◆ **Aim of the task**
Your job is to give again, exactly and with no additions, the lines in the records below from the one with "만입니다. 1996~97년 총파업으로" through the one with "Lt. Col. Jason", both included. Omit the pictures.

◆ **Records to use**
BEGIN

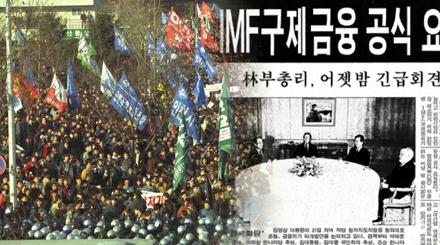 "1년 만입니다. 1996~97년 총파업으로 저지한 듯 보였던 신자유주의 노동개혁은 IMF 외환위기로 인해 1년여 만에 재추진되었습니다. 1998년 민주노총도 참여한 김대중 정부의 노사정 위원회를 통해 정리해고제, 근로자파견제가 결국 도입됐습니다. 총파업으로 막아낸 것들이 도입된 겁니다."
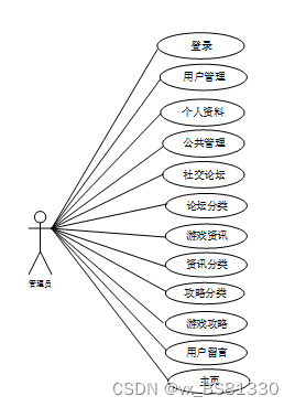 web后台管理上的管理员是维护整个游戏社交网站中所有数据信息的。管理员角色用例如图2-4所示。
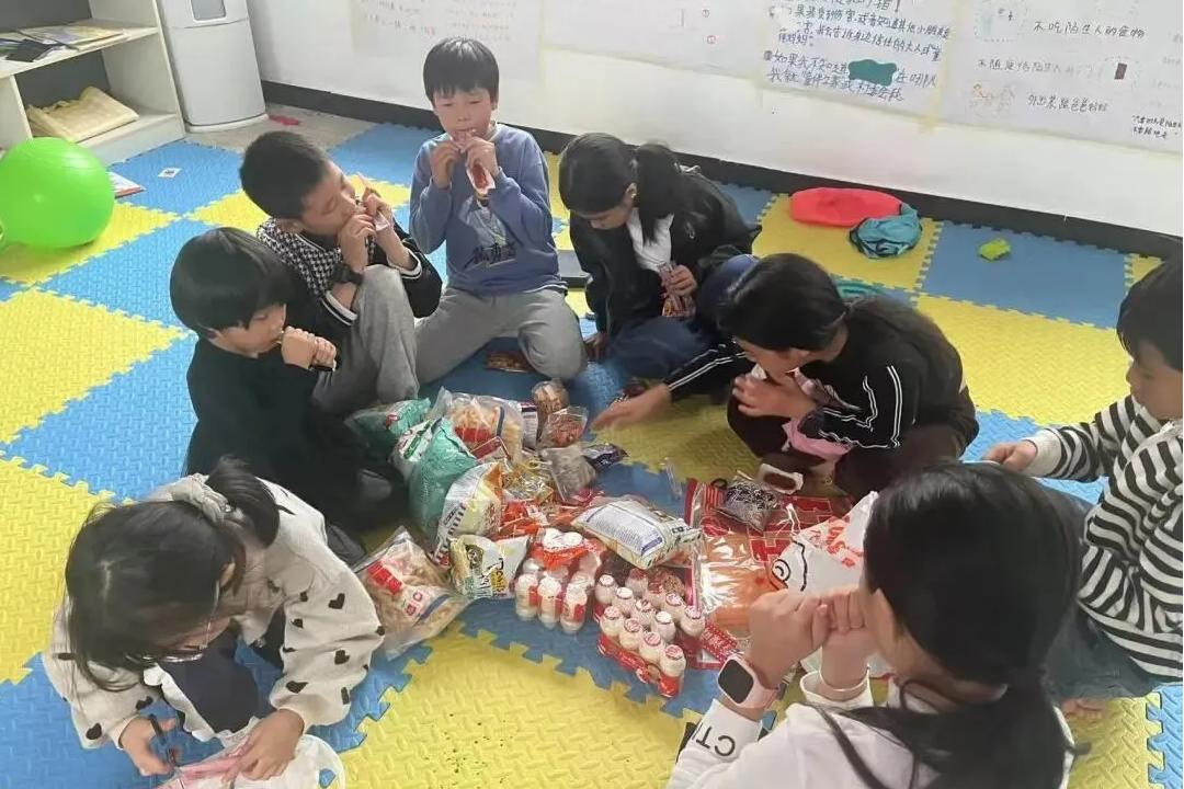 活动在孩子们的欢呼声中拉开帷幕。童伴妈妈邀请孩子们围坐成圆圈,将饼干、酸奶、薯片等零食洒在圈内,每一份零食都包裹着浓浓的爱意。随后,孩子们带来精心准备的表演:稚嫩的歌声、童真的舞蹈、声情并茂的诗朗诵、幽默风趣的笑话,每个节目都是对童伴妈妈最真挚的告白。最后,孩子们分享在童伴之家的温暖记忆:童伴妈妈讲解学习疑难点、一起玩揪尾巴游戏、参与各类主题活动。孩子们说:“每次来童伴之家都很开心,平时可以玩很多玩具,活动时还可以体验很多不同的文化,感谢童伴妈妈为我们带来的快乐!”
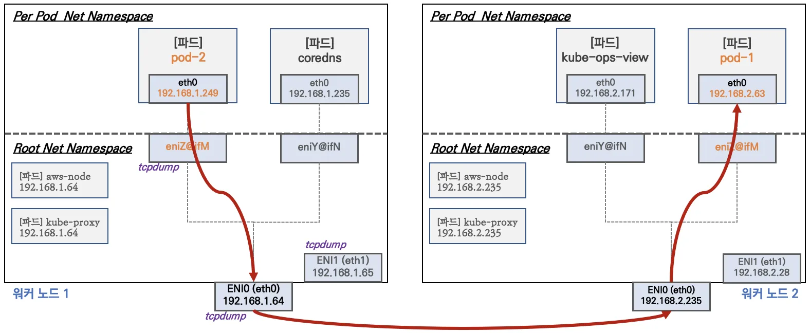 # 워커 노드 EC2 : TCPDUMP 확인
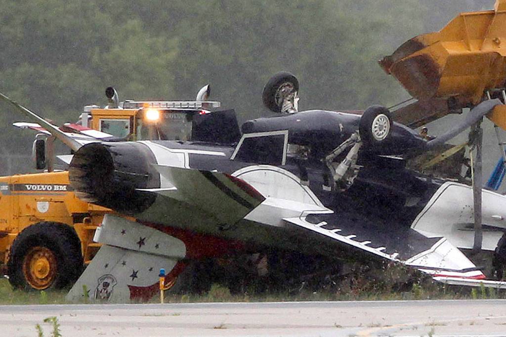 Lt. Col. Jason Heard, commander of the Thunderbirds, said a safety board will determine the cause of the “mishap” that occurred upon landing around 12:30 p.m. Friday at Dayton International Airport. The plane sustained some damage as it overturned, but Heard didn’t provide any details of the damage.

END
BEGIN

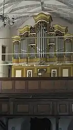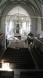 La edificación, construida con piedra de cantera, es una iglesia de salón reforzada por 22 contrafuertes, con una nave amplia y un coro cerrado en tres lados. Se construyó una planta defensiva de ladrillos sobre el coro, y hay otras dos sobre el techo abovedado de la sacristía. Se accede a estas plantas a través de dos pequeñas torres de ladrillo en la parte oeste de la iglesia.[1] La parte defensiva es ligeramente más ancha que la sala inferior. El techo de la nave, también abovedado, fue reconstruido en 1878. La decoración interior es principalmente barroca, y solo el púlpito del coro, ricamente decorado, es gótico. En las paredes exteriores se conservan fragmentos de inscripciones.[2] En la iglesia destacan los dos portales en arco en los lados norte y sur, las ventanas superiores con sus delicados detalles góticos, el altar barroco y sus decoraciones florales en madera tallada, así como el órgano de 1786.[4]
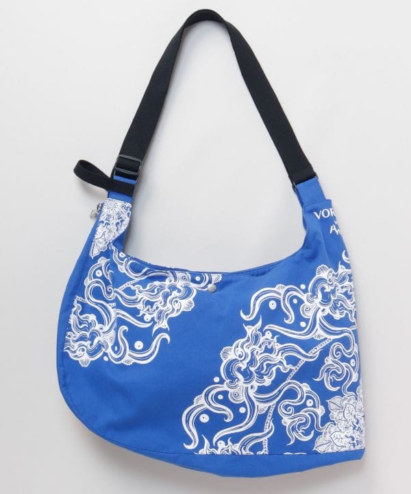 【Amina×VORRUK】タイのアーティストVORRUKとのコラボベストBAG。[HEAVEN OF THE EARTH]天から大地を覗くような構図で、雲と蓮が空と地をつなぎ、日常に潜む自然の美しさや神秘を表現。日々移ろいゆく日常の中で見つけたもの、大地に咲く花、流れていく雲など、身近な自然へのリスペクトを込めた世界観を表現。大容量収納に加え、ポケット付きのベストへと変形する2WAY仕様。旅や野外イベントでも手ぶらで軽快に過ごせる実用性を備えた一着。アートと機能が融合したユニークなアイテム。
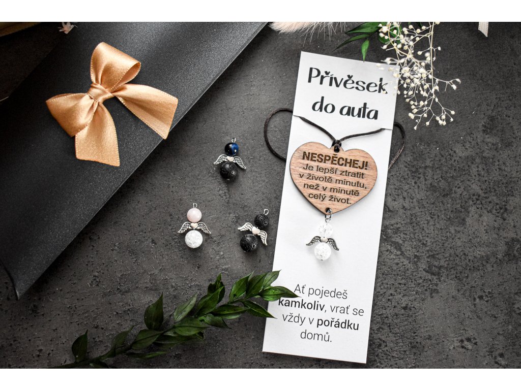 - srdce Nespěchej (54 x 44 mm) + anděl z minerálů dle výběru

END
BEGIN

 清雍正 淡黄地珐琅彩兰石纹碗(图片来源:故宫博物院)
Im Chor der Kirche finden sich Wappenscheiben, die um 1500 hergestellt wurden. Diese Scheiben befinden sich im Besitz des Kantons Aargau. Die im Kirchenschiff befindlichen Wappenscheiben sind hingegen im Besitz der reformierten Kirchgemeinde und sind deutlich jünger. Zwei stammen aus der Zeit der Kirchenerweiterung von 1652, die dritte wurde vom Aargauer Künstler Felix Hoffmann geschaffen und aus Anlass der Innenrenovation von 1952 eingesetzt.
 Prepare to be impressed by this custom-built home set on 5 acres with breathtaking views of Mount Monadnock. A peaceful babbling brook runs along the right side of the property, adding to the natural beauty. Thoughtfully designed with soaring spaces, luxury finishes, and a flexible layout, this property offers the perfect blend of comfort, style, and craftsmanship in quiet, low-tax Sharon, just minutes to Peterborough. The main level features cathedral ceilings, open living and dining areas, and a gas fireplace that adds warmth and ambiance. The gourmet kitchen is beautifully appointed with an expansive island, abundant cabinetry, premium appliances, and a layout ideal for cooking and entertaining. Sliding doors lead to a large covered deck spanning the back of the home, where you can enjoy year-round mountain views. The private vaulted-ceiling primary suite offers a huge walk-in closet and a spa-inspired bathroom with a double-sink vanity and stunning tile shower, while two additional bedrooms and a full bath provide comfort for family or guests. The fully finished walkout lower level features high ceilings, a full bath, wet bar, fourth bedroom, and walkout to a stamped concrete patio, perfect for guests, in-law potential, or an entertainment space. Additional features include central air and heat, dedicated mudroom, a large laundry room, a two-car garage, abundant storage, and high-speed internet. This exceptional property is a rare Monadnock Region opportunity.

END

◆ **Result**
 "1년 만입니다. 1996~97년 총파업으로 저지한 듯 보였던 신자유주의 노동개혁은 IMF 외환위기로 인해 1년여 만에 재추진되었습니다. 1998년 민주노총도 참여한 김대중 정부의 노사정 위원회를 통해 정리해고제, 근로자파견제가 결국 도입됐습니다. 총파업으로 막아낸 것들이 도입된 겁니다."
 web后台管理上的管理员是维护整个游戏社交网站中所有数据信息的。管理员角色用例如图2-4所示。
 活动在孩子们的欢呼声中拉开帷幕。童伴妈妈邀请孩子们围坐成圆圈,将饼干、酸奶、薯片等零食洒在圈内,每一份零食都包裹着浓浓的爱意。随后,孩子们带来精心准备的表演:稚嫩的歌声、童真的舞蹈、声情并茂的诗朗诵、幽默风趣的笑话,每个节目都是对童伴妈妈最真挚的告白。最后,孩子们分享在童伴之家的温暖记忆:童伴妈妈讲解学习疑难点、一起玩揪尾巴游戏、参与各类主题活动。孩子们说:“每次来童伴之家都很开心,平时可以玩很多玩具,活动时还可以体验很多不同的文化,感谢童伴妈妈为我们带来的快乐!”
 # 워커 노드 EC2 : TCPDUMP 확인
 Lt. Col. Jason Heard, commander of the Thunderbirds, said a safety board will determine the cause of the “mishap” that occurred upon landing around 12:30 p.m. Friday at Dayton International Airport. The plane sustained some damage as it overturned, but Heard didn’t provide any details of the damage.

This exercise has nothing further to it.